REQUIRED WORK
Your answer should hold exactly the lines from the one with "Figura 4.13- Criança" through the last line of the material below, nothing before and nothing extra.

INFORMATION PROVIDED
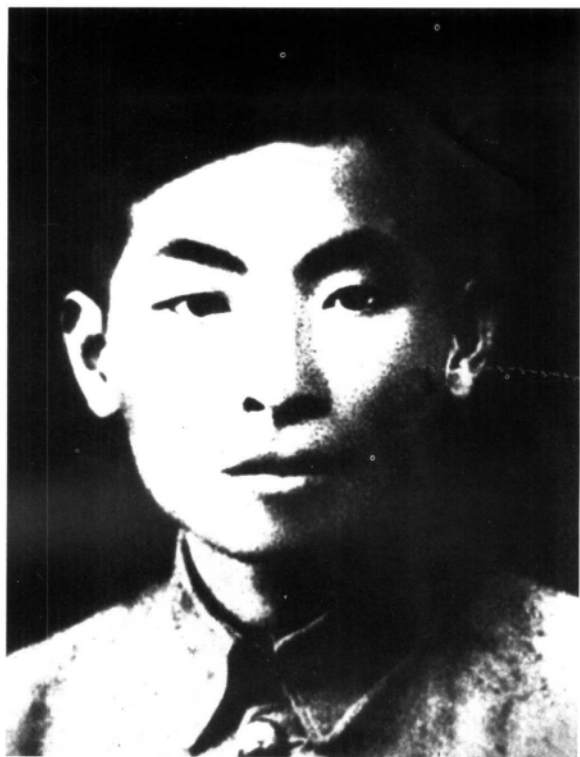
中共闽东特委书记、闽 东独立师政委兼师长、闽东 军政委员会主席叶飞
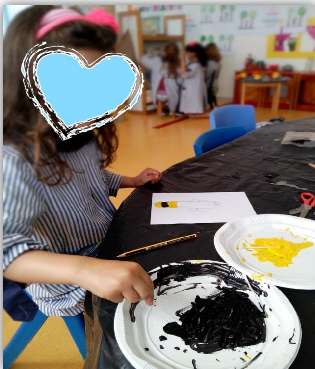
Figura 4.13- Criança C17 a pintar o corpo da abelha com tinta e cotonete

Para analisarmos melhor esta atividade, decidimos construir uma grelha que nos permitia observar quais os materiais que as crianças utilizavam nas suas construções. Assim, verificámos através da grelha de observação (apêndice XIX) que a maioria optou por realizar o corpo com riscas pretas e amarelas através da tinta com cotonete. É de salientar que dentro desta maioria, algumas crianças exploraram os cotonetes para fazer bolinhas com as respetivas tintas e outros acabaram por utilizar o cotonete como se fosse um pincel (figura 4.13). Observámos também que as restantes crianças se dividiram pelos restantes materiais tais como: papel crepe, papel de seda e lápis de cor.

ANSWER FOR THE TASK
Figura 4.13- Criança C17 a pintar o corpo da abelha com tinta e cotonete

Para analisarmos melhor esta atividade, decidimos construir uma grelha que nos permitia observar quais os materiais que as crianças utilizavam nas suas construções. Assim, verificámos através da grelha de observação (apêndice XIX) que a maioria optou por realizar o corpo com riscas pretas e amarelas através da tinta com cotonete. É de salientar que dentro desta maioria, algumas crianças exploraram os cotonetes para fazer bolinhas com as respetivas tintas e outros acabaram por utilizar o cotonete como se fosse um pincel (figura 4.13). Observámos também que as restantes crianças se dividiram pelos restantes materiais tais como: papel crepe, papel de seda e lápis de cor.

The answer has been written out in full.